(Stored items)
+ + +

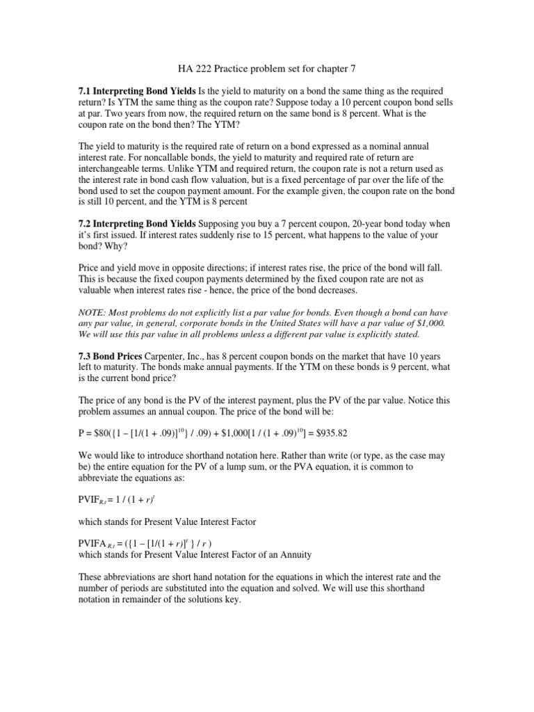 7.1 Interpreting Bond Yields Is the yield to maturity on a bond the same thing as the required return? Is YTM the same thing as the coupon rate? Suppose today a 10 percent coupon bond sells at par. Two years from now, the required return on the same bond is 8 percent. What is the coupon rate on the bond then? The YTM? The yield to maturity is the required rate of return on a bond expressed as a nominal annual interest rate. For noncallable bonds, the yield to maturity and required rate of return are interchangeable terms. Unlike YTM and required return, the coupon rate is not a return used as the interest rate in bond cash flow valuation, but is a fixed percentage of par over the life of the bond used to set the coupon payment amount. For the example given, the coupon rate on the bond is still 10 percent, and the YTM is 8 percent 7.2 Interpreting Bond Yields Supposing you buy a 7 percent coupon, 20-year bond today when its first issued. If interest rates suddenly rise to 15 percent, what happens to the value of your bond? Why? Price and yield move in opposite directions; if interest rates rise, the price of the bond will fall. This is because the fixed coupon payments determined by the fixed coupon rate are not as valuable when interest rates rise - hence, the price of the bond decreases. NOTE: Most problems do not explicitly list a par value for bonds. Even though a bond can have any par value, in general, corporate bonds in the United States will have a par value of $1,000. We will use this par value in all problems unless a different par value is explicitly stated. 7.3 Bond Prices Carpenter, Inc., has 8 percent coupon bonds on the market that have 10 years left to maturity. The bonds make annual payments. If the YTM on these bonds is 9 percent, what is the current bond price? The price of any bond is the PV of the interest payment, plus the PV of the par value. Notice this problem assumes an annual coupon. The price of the bond will be: P = $80({1 [1/(1 + .09)]10} / .09) + $1,000[1 / (1 + .09)10] = $935.82 We would like to introduce shorthand notation here. Rather than write (or type, as the case may be) the entire equation for the PV of a lump sum, or the PVA equation, it is common to abbreviate the equations as: PVIFR,t = 1 / (1 + r)t which stands for Present Value Interest Factor PVIFA R,t = ({1 [1/(1 + r)]t } / r ) which stands for Present Value Interest Factor of an Annuity These abbreviations are short hand notation for the equations in which the interest rate and the number of periods are substituted into the equation and solved. We will use this shorthand notation in remainder of the solutions key.
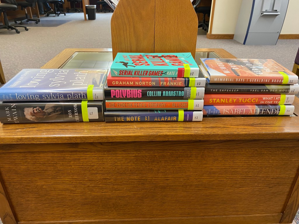Library books go stale if you wait too long to read them. I read and drop ’em in the return box as soon as I’ve finished one. Today’s haul! I felt giddy over my choices — I had to sit down and relish my precious ones.
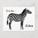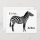 Zebra - Black and White Postcard
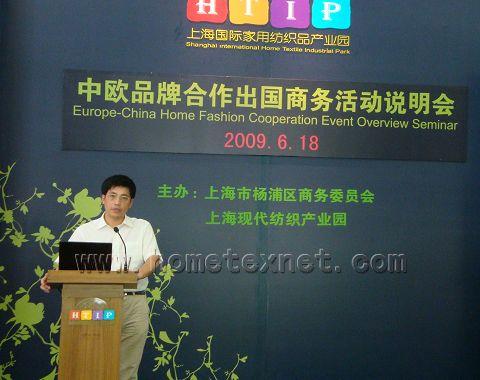 6月18日,“2009中歐品牌合作商務(wù)活動(dòng)”在家紡園隆重召開。來自向比利時(shí)、荷蘭、法國、意大利、德國和西班牙各使館、商會(huì)以及50余家企業(yè)家代表匯集參加了說明會(huì)。作為主辦單位的上海市楊浦區(qū)商務(wù)委員會(huì)經(jīng)琪主任,上海現(xiàn)代紡織產(chǎn)業(yè)園總經(jīng)理周根生親自對(duì)此次活動(dòng)的開幕致辭!
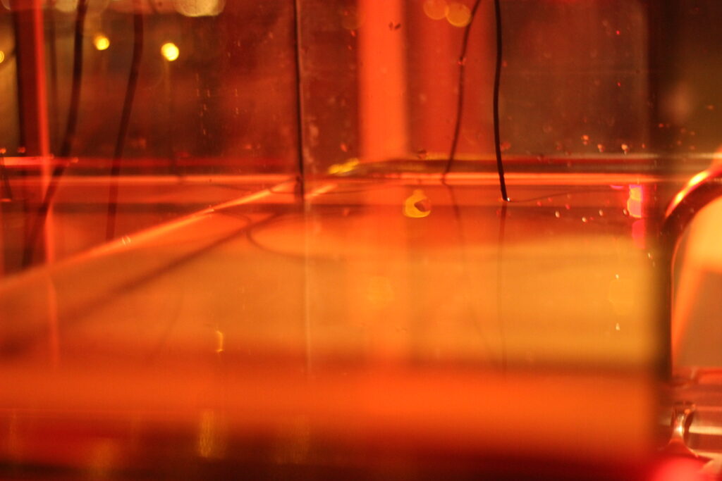 The conversation channel is fed with an external input signal (f.e. a contact microphone) which is placed in the water container. Sounds can be produced by tapping the walls. Through harder taps the water is moved and a conversation between the human and the water is initiated.

+ + +

* About this task *
Make an exact copy of the records above, one that has none of the pictures.

* Output of the task *
 7.1 Interpreting Bond Yields Is the yield to maturity on a bond the same thing as the required return? Is YTM the same thing as the coupon rate? Suppose today a 10 percent coupon bond sells at par. Two years from now, the required return on the same bond is 8 percent. What is the coupon rate on the bond then? The YTM? The yield to maturity is the required rate of return on a bond expressed as a nominal annual interest rate. For noncallable bonds, the yield to maturity and required rate of return are interchangeable terms. Unlike YTM and required return, the coupon rate is not a return used as the interest rate in bond cash flow valuation, but is a fixed percentage of par over the life of the bond used to set the coupon payment amount. For the example given, the coupon rate on the bond is still 10 percent, and the YTM is 8 percent 7.2 Interpreting Bond Yields Supposing you buy a 7 percent coupon, 20-year bond today when its first issued. If interest rates suddenly rise to 15 percent, what happens to the value of your bond? Why? Price and yield move in opposite directions; if interest rates rise, the price of the bond will fall. This is because the fixed coupon payments determined by the fixed coupon rate are not as valuable when interest rates rise - hence, the price of the bond decreases. NOTE: Most problems do not explicitly list a par value for bonds. Even though a bond can have any par value, in general, corporate bonds in the United States will have a par value of $1,000. We will use this par value in all problems unless a different par value is explicitly stated. 7.3 Bond Prices Carpenter, Inc., has 8 percent coupon bonds on the market that have 10 years left to maturity. The bonds make annual payments. If the YTM on these bonds is 9 percent, what is the current bond price? The price of any bond is the PV of the interest payment, plus the PV of the par value. Notice this problem assumes an annual coupon. The price of the bond will be: P = $80({1 [1/(1 + .09)]10} / .09) + $1,000[1 / (1 + .09)10] = $935.82 We would like to introduce shorthand notation here. Rather than write (or type, as the case may be) the entire equation for the PV of a lump sum, or the PVA equation, it is common to abbreviate the equations as: PVIFR,t = 1 / (1 + r)t which stands for Present Value Interest Factor PVIFA R,t = ({1 [1/(1 + r)]t } / r ) which stands for Present Value Interest Factor of an Annuity These abbreviations are short hand notation for the equations in which the interest rate and the number of periods are substituted into the equation and solved. We will use this shorthand notation in remainder of the solutions key.
Library books go stale if you wait too long to read them. I read and drop ’em in the return box as soon as I’ve finished one. Today’s haul! I felt giddy over my choices — I had to sit down and relish my precious ones.
 Zebra - Black and White Postcard
 6月18日,“2009中歐品牌合作商務(wù)活動(dòng)”在家紡園隆重召開。來自向比利時(shí)、荷蘭、法國、意大利、德國和西班牙各使館、商會(huì)以及50余家企業(yè)家代表匯集參加了說明會(huì)。作為主辦單位的上海市楊浦區(qū)商務(wù)委員會(huì)經(jīng)琪主任,上海現(xiàn)代紡織產(chǎn)業(yè)園總經(jīng)理周根生親自對(duì)此次活動(dòng)的開幕致辭!
 The conversation channel is fed with an external input signal (f.e. a contact microphone) which is placed in the water container. Sounds can be produced by tapping the walls. Through harder taps the water is moved and a conversation between the human and the water is initiated.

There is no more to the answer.